WHAT THE EXERCISE ASKS: Leave out the pictures and copy every record exactly.

DATA FOR THE TASK:
::::

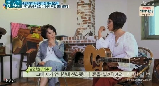 남궁옥분과 권성희는 함께 노래를 부르며 옛 추억에 빠졌다. 남궁옥분은 "1987년도에 집을 사는데 그 당시에 500만원이 부족했다"며 "언니(권성희)한테 전화를 했는데, 언니가 빌려줬다"고 말했다.
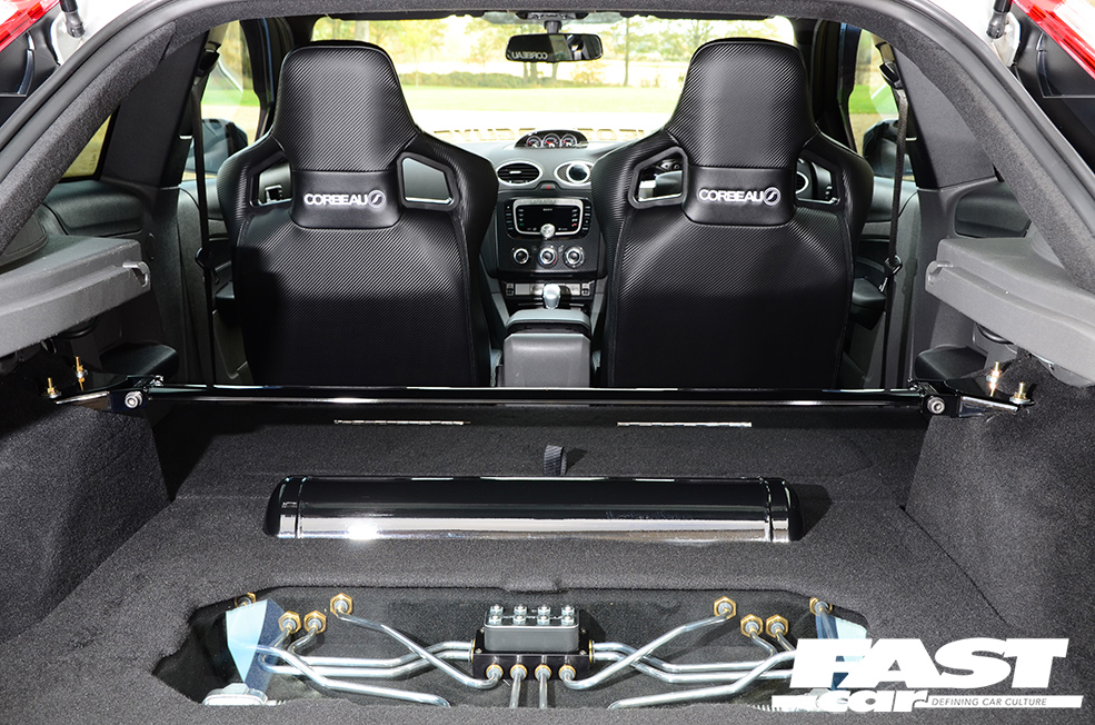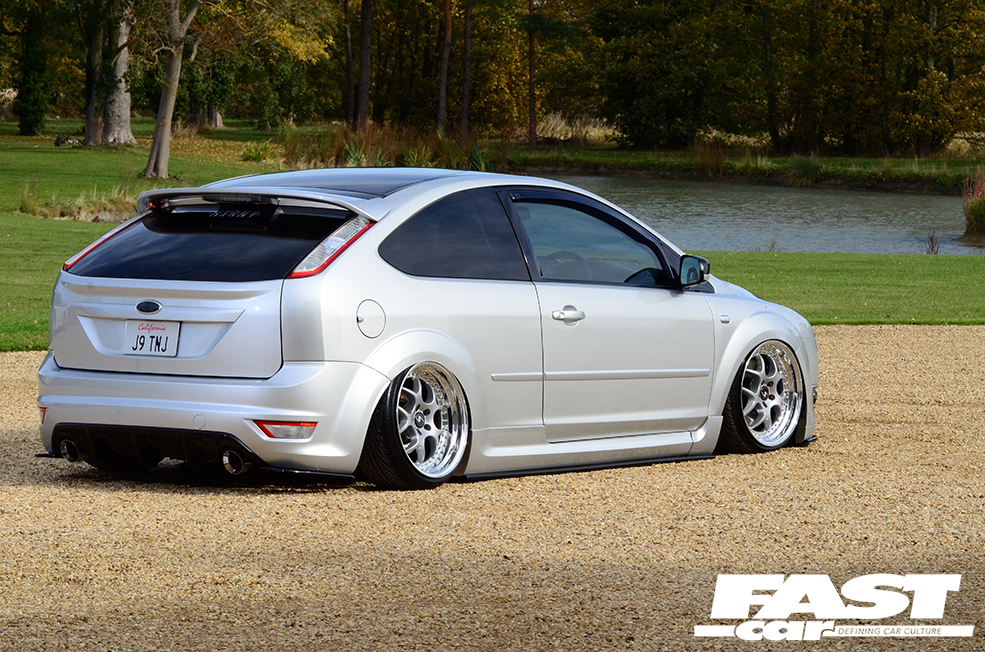 The next big change came in 2015 in the form of a full air suspension system – a first for the Focus ST in the UK but a job that the talented team at Plush Automotive was more than happy to take on. Two weeks after wheeling it into the Leicestershire-based firm’s HQ, the car was sporting a killer air system, as well as a subtle boot install and, most importantly, a stance to die for!
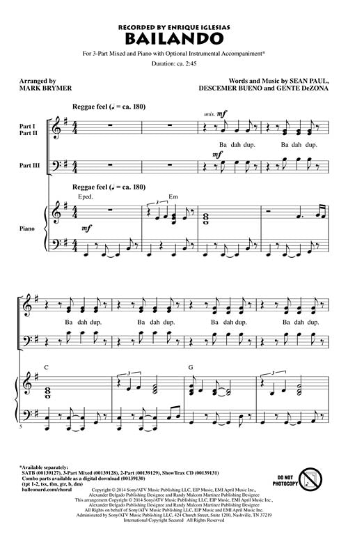 Bailando Pop Choral Series 3 Part Enrique Iglesias
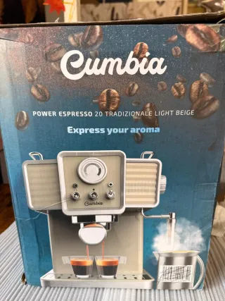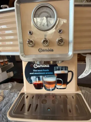 Cafetera espresso Cumbia 20 Tradizionale en color beige claro. Diseño retro. Sacado solo para probarla y para la foto. - Bomba de presión. - Vaporizador para leche - Tiene ese relojito vintage en el frontal que te indica la presión exacta en tiempo real. ¡Muy pro! -Prepara uno o dos cafés a la vez sin esperas. - No es una cafetera cualquiera; tiene potencia de sobra para sacar toda la crema y el aroma (nada que envidiar a las cafeterías)
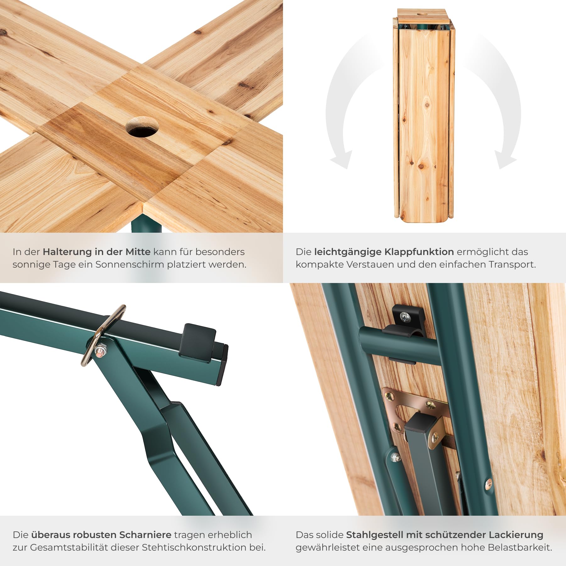 Dank seiner hochwertigen Verarbeitung ist dieser Stehtisch äusserst robust und langlebig. Das solide Stahlgestell und die speziell behandelte Holzoberfläche trotzen den Elementen, was den Tisch zur perfekten Bierzeltgarnitur für zahlreiche Gartenpartys und Events macht. Die Pflege ist dabei denkbar einfach, sodass er über Jahre hinweg sein ansprechendes Aussehen behält.
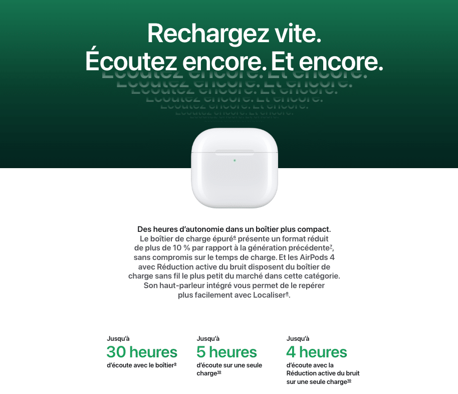 - Boîtier de Charge Compact : Plus petit de 10%, il offre jusqu’à 30 heures d’autonomie totale.
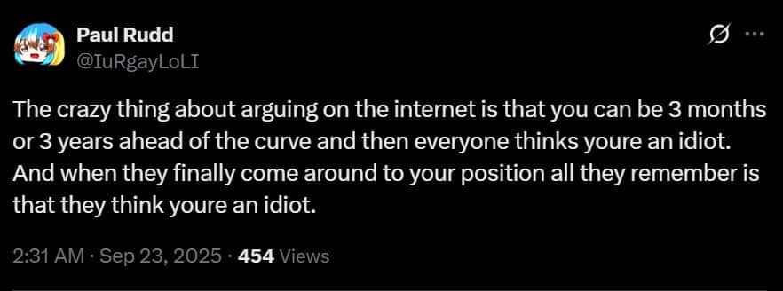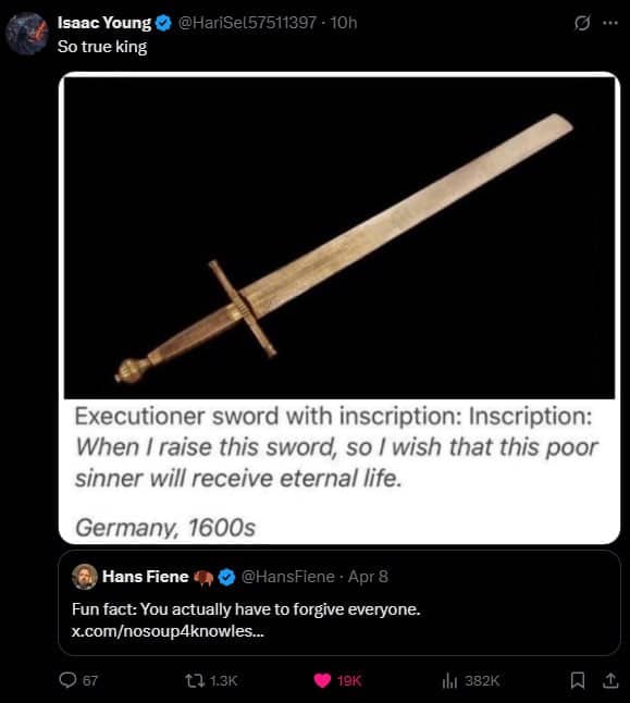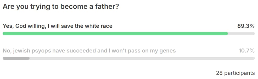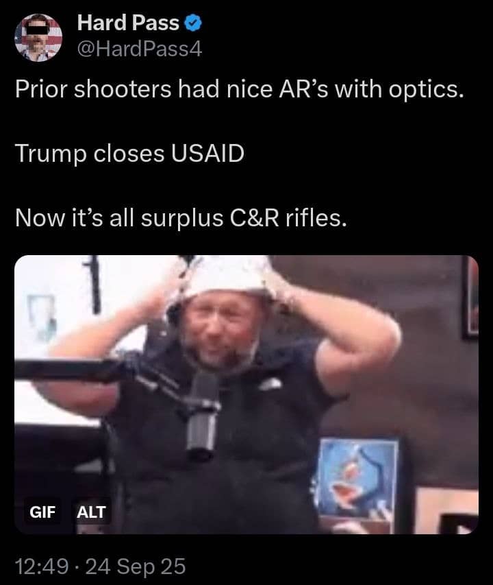 Howdy boys! Since my last meme email, I have lifted 42,125 lbs at my gym. None of you emailed me any weight lifted, so the globalists won this round. Sad! Get a load of this certified gem our Vice President poasted on Twitter today: Here are the RECORD HIGH results from last email's poll: The political temperature increases again as some lib tried shooting at ICE agents who were rounding up illegals in Dallas a few hours ago. Instead, he killed one of the illegals and injured two more of them, and then shot himself. In other news, RFK Jr. advised people against using Tylenol, with predictable results! Anon, I hope you remember to never relax around blacks. The Charlie Kirk "assassin" CCTV footage is like the classic Steamed Hams clip from The Simpsons. "You have the shooter, on camera, taking the shot?" "Yes!" "May I see it?" "No." Much has been made of Charlie Kirk's widow publicly forgiving his killer. Yes, I bet the tranny lover guy was very likely the fall guy, but that's not why I bring it up. Here's the point: forgiveness of the sin has nothing to do with stopping earthly punishment. This is the attitude Christians should have: I didn't realize there's a 'fell for it again' Twitter account churning out these gems, I enjoyed this:

::::

EXERCISE RESULT:
 남궁옥분과 권성희는 함께 노래를 부르며 옛 추억에 빠졌다. 남궁옥분은 "1987년도에 집을 사는데 그 당시에 500만원이 부족했다"며 "언니(권성희)한테 전화를 했는데, 언니가 빌려줬다"고 말했다.
 The next big change came in 2015 in the form of a full air suspension system – a first for the Focus ST in the UK but a job that the talented team at Plush Automotive was more than happy to take on. Two weeks after wheeling it into the Leicestershire-based firm’s HQ, the car was sporting a killer air system, as well as a subtle boot install and, most importantly, a stance to die for!
 Bailando Pop Choral Series 3 Part Enrique Iglesias
 Cafetera espresso Cumbia 20 Tradizionale en color beige claro. Diseño retro. Sacado solo para probarla y para la foto. - Bomba de presión. - Vaporizador para leche - Tiene ese relojito vintage en el frontal que te indica la presión exacta en tiempo real. ¡Muy pro! -Prepara uno o dos cafés a la vez sin esperas. - No es una cafetera cualquiera; tiene potencia de sobra para sacar toda la crema y el aroma (nada que envidiar a las cafeterías)
 Dank seiner hochwertigen Verarbeitung ist dieser Stehtisch äusserst robust und langlebig. Das solide Stahlgestell und die speziell behandelte Holzoberfläche trotzen den Elementen, was den Tisch zur perfekten Bierzeltgarnitur für zahlreiche Gartenpartys und Events macht. Die Pflege ist dabei denkbar einfach, sodass er über Jahre hinweg sein ansprechendes Aussehen behält.
 - Boîtier de Charge Compact : Plus petit de 10%, il offre jusqu’à 30 heures d’autonomie totale.
 Howdy boys! Since my last meme email, I have lifted 42,125 lbs at my gym. None of you emailed me any weight lifted, so the globalists won this round. Sad! Get a load of this certified gem our Vice President poasted on Twitter today: Here are the RECORD HIGH results from last email's poll: The political temperature increases again as some lib tried shooting at ICE agents who were rounding up illegals in Dallas a few hours ago. Instead, he killed one of the illegals and injured two more of them, and then shot himself. In other news, RFK Jr. advised people against using Tylenol, with predictable results! Anon, I hope you remember to never relax around blacks. The Charlie Kirk "assassin" CCTV footage is like the classic Steamed Hams clip from The Simpsons. "You have the shooter, on camera, taking the shot?" "Yes!" "May I see it?" "No." Much has been made of Charlie Kirk's widow publicly forgiving his killer. Yes, I bet the tranny lover guy was very likely the fall guy, but that's not why I bring it up. Here's the point: forgiveness of the sin has nothing to do with stopping earthly punishment. This is the attitude Christians should have: I didn't realize there's a 'fell for it again' Twitter account churning out these gems, I enjoyed this:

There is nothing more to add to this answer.